Group structure on the classifying space of abelian groups

Question

Let $G$ be a topological abelian group. Its classifying space $BG$ is (at least sometimes) also a topological group. For example if $G$ is a finite abelian group, higher Eilenberg-MacLane spaces are $K(G,n)=B^nG=B(B^{n-1}G)$, implying that $B^{n-1}G$ must be a group.

1. When is it true that $BG$ has a group structure?

2. How can we describe the multiplication in $BG$ in terms of the multiplication in $G$?

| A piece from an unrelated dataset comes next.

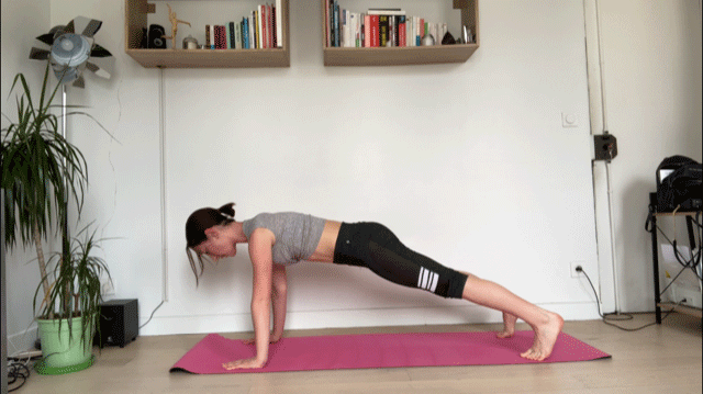 Placez-vous en planche sur les mains et les pieds, avec les épaules, le bassin et les chevilles alignés. Contractez vos abdominaux et serrez vos fessiers. Ensuite, soufflez en fléchissant votre bassin pour vous placer en chien tête en bas, en poussant le sol avec vos mains, tout en gardant les épaules vers le bas. Pour étirer l’arrière de vos jambes, essayez de rapprocher vos talons du sol le plus possible. Puis revenez à la position de départ en inspirant. Répétez 10 à 12 fois.

I would like to understand this directly from the realization of $BG$ as the quotient $EG/G$, where $EG$ is a contractible space with a free a action of $G$. Or at least I would like to see the explicit connection of that model with a one more suitable for providing a product structure.

Answer 1

The space $BG$ has a model as a labeled configuration space. The points of $BG$ consist of configurations of points in $\mathbb{R}$ labeled with elements of $G$ topologized such that if two points collide we multiply their values according to the order of the collision. Further, elements labeled by the identity are allowed to disappear or reappear, and points in a configuration may disappear to infinity. It is not difficult to argue this is homeomorphic to the nerve of the one object category associated to G.

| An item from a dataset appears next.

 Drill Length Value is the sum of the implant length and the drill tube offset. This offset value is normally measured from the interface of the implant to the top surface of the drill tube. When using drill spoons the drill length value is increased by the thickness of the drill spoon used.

If $G$ is abelian, then the overlay map $BG \times BG \rightarrow BG$ is well defined since if points in our two configurations coincide, we may add them in whatever order we see fit and get a single output. This operation makes $BG$ into an abelian monoid.

Answer 2

Basically this depends on how you set up the classifying space. A good choice is to define $BG$ to be the geometric realization of the nerve of $G$. Then $B$ is a monoidal functor from topological groups to topological spaces, and so it sends group objects (topological abelian groups) to group objects (topological groups).